DATA FOR THIS EXERCISE
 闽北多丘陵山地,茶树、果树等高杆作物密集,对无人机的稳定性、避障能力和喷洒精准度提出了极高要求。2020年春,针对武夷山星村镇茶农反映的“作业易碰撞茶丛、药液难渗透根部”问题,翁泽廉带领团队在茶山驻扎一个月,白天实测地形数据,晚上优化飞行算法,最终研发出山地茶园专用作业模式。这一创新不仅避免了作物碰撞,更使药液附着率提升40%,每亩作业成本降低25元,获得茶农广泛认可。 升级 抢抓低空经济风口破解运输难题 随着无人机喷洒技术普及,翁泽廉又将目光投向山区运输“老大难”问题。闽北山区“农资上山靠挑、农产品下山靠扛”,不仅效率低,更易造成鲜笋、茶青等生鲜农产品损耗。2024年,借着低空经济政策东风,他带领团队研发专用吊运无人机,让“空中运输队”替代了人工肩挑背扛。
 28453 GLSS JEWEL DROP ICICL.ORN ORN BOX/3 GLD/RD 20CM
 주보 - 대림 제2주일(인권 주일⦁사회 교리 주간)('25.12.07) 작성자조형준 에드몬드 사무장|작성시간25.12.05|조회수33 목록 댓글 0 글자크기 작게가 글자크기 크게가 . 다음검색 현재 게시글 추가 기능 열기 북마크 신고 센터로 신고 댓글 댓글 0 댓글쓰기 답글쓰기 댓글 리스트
==
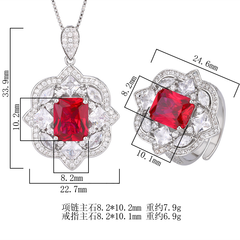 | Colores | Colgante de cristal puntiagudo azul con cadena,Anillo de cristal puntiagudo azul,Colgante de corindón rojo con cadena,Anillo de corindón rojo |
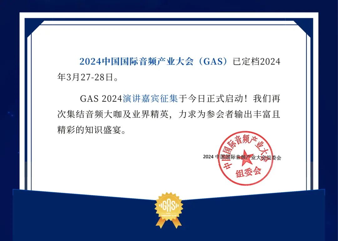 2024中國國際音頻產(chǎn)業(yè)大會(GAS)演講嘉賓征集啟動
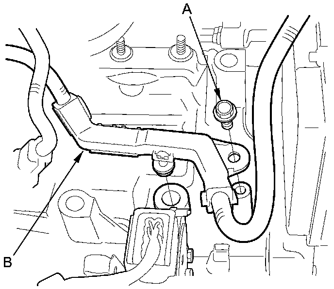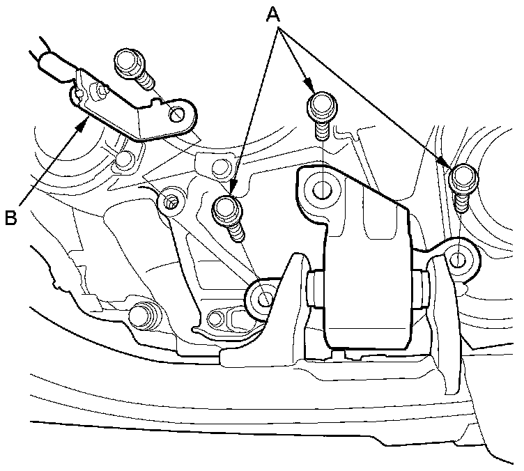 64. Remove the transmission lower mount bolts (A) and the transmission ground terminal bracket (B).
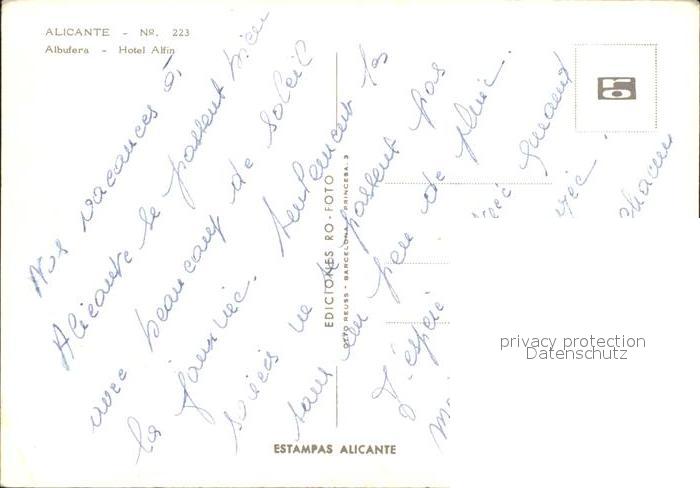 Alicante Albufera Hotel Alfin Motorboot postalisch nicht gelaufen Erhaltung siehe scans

TASK PROMPT
Going by the data above, the answer is exactly the lines from the one holding "corindón rojo |" to the one holding "Alicante Albufera Hotel", both kept, with the pictures left out.

COMPLETED EXERCISE
 | Colores | Colgante de cristal puntiagudo azul con cadena,Anillo de cristal puntiagudo azul,Colgante de corindón rojo con cadena,Anillo de corindón rojo |
 2024中國國際音頻產(chǎn)業(yè)大會(GAS)演講嘉賓征集啟動
 64. Remove the transmission lower mount bolts (A) and the transmission ground terminal bracket (B).
 Alicante Albufera Hotel Alfin Motorboot postalisch nicht gelaufen Erhaltung siehe scans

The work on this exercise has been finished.